WHAT IS NEEDED => All the lines below should appear again unchanged, though their pictures should not.

SUPPLIED INFORMATION =>
= = = = = = =

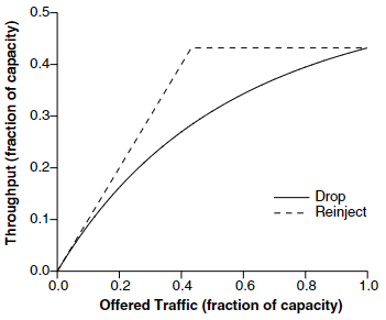 Figure 2.10은 injection rate에 따른 throughput을 보여준다.
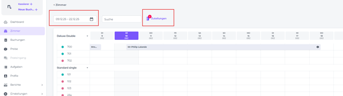 - Gehe über die Seitenleiste zum Zimmerkalender, indem du Zimmer wählst. Der Datumsbereichskalender bestimmt den Zeitraum, der im Zimmerkalender angezeigt wird.
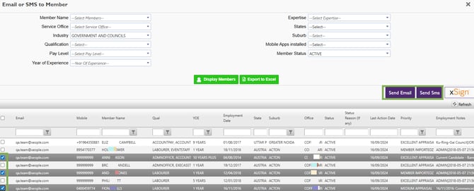 - After filtering, select the member(s) using the checkboxes and click Send Email or Send SMS.

= = = = = = =

SOLVED PROBLEM =>
 Figure 2.10은 injection rate에 따른 throughput을 보여준다.
 - Gehe über die Seitenleiste zum Zimmerkalender, indem du Zimmer wählst. Der Datumsbereichskalender bestimmt den Zeitraum, der im Zimmerkalender angezeigt wird.
 - After filtering, select the member(s) using the checkboxes and click Send Email or Send SMS.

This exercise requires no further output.